Ночь перед Рождеством. Лучшие рождественские истории

Глава двенадцатая

Я тогда ни за что не хотел, чтобы Сакен допускал, будто я простил и скрыл полученную мною пощечину из-за того, чтобы мне можно было на службе оставаться. Ужасная глупость! Не все ли это равно? Теперь это кажется смешно, а в тогдашнем диком состоянии я в самом деле полагал немножко свою честь в таких пустяках, как постороннее мнение… Ночей не спал: одну ночь в карауле не спал, а потом три ночи не спал от волнения… Обидно было, что товарищи обо мне нехорошо думают и что Сакен обо мне нехорошо думает! Надо, видите, так, чтобы все о нас хорошо думали!..

Опять из-за этого всю ночь не спал и на другой день встал рано и являюсь утром в сакенскую приемную. Там был только еще один аудитор, а потом и другие стали собираться. Жужжат между собою потихонечку, а у меня знакомых нет – я молчу и чувствую, что сон меня клонит, – совсем некстати. А глаза так и слипаются. И долго я тут со всеми вместе ожидал Сакена, потому что он в этот день, как нарочно, не выходил: все у себя в спальне перед чудотворной иконой молился. Он ведь был страшно богомолен: непременно каждый день читал утренние и вечерние молитвы и три акафиста, а то иногда зайдется до бесконечности. Случалось, до того уставал на коленях стоять, что даже падал и на ковре ничком лежал, а все молился. Мешать ему или как-нибудь перебить молитву считалось – боже сохрани! На это, кажется, даже при штурме никто бы не отважился, потому что помешать ему – все равно что дитя разбудить, когда оно не выспалось. Начнет кукситься и капризничать, и тогда его ничем не успокоишь. Адъютанты у него это знали, – иные и сами тоже были богомолы – другие притворялись. Он не разбирал и всех таких любил и поощрял.

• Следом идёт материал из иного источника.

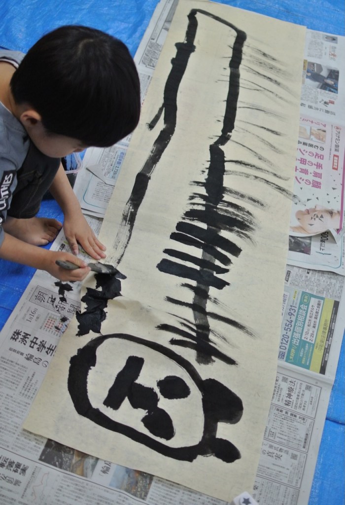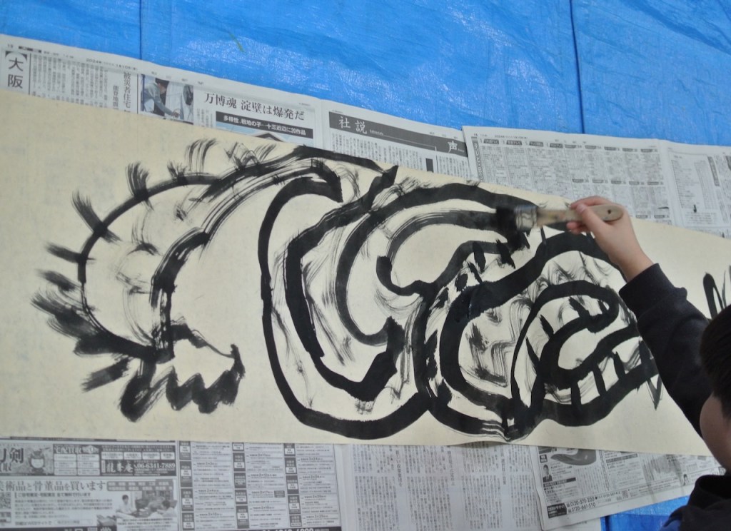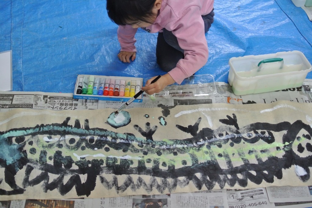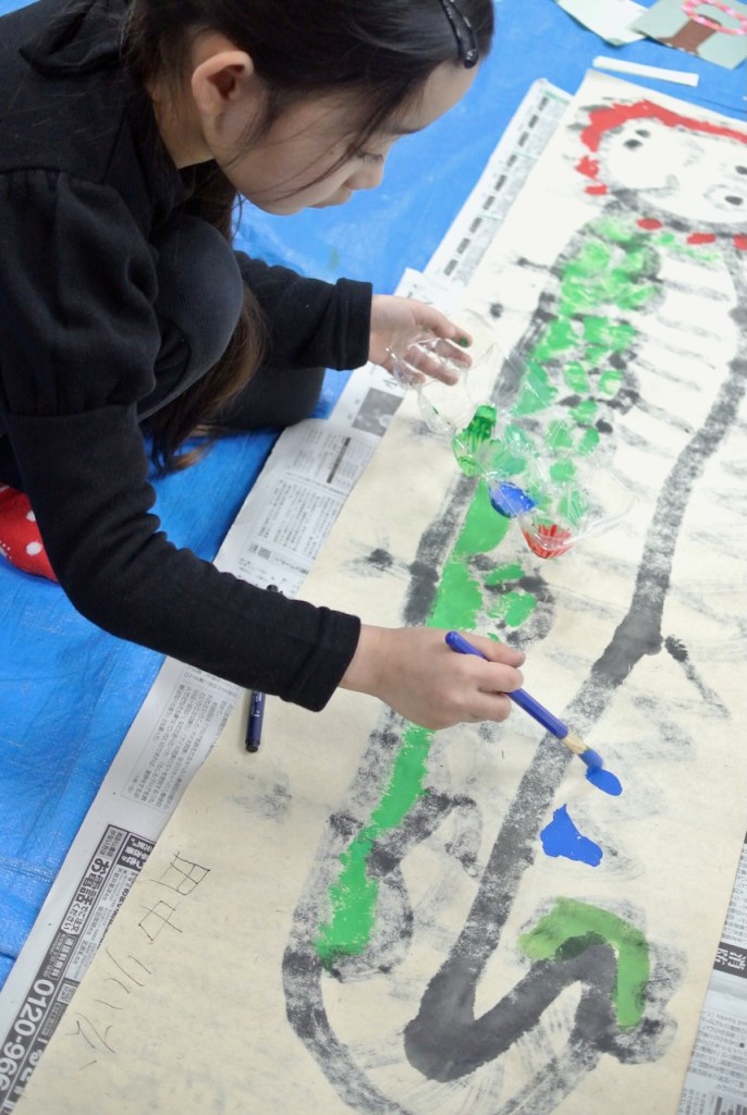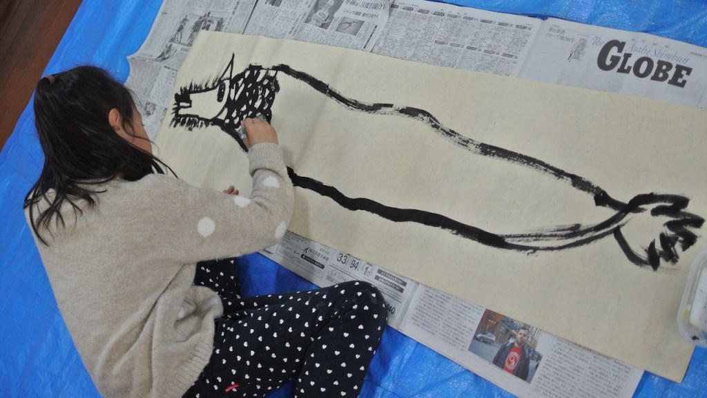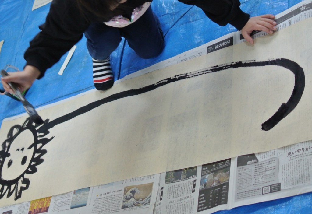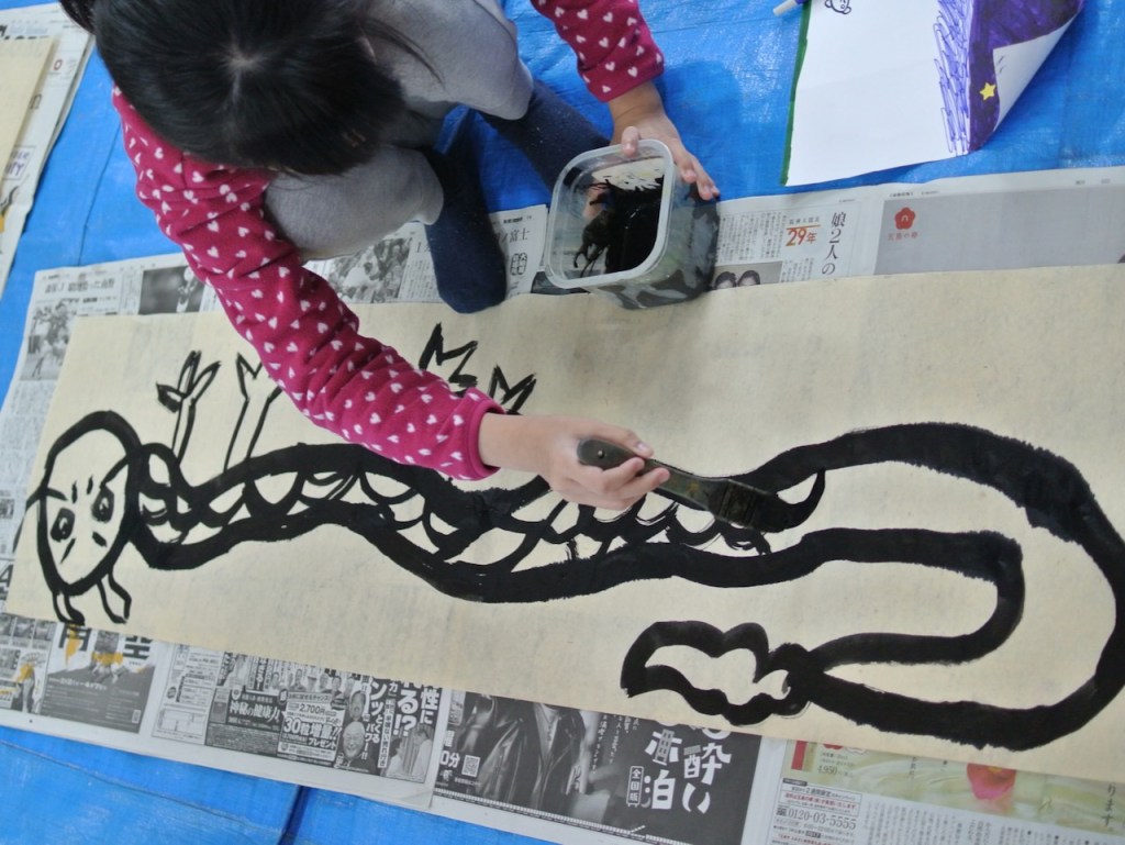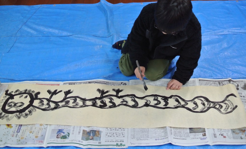 自分の身長よりも長い和紙に向かって今年の干支を描くらぴすっこさんたち。途中で疲れ果てるんじゃないかと思ってましたが、冬休み中に蓄えたパワーが残っていたのか、熱心に取り組んでくれました。

Как только, бывало, он покажется, штабные сейчас различали, если он намолился, и тогда в хорошем расположении, и все бумаги несли, потому что, намолившись, он добр и тогда все подпишет.

На мою долю как раз такое счастие и досталось: как Сакен вышел ко всем в приемную, так один опытный говорит мне:

– Вы хорошо попали; нынче его обо всем можно просить; он теперь намолившись.

Я полюбопытствовал:

– Почему это заметно?

Опытный отвечает:

– Разве не видите – у него колени белеются, и над бровями светлые пятнышки… как будто свет сияет… Значит, будет ласковый.

Я сияния над бровями не отличил, а панталоны у него на коленях действительно были побелевши.

Со всеми он переговорил и всех отпустил, а меня оставил на самый послед и велел за собою в кабинет идти.

«Ну, – думаю, – тут будет развязка». И сон прошел.

Глава тринадцатая

В кабинете у него большая икона в дорогой ризе, на особом возвышении, и трисоставная лампада в три огня горит.

Сакен прежде всего подошел к иконе, перекрестился и поклонился в землю, а потом обернулся ко мне и говорит:

– Ваш полковой командир за вас заступается. Он вас даже хвалит – говорит, что вы были хороший офицер, но я не могу, чтобы вас оставить на службе!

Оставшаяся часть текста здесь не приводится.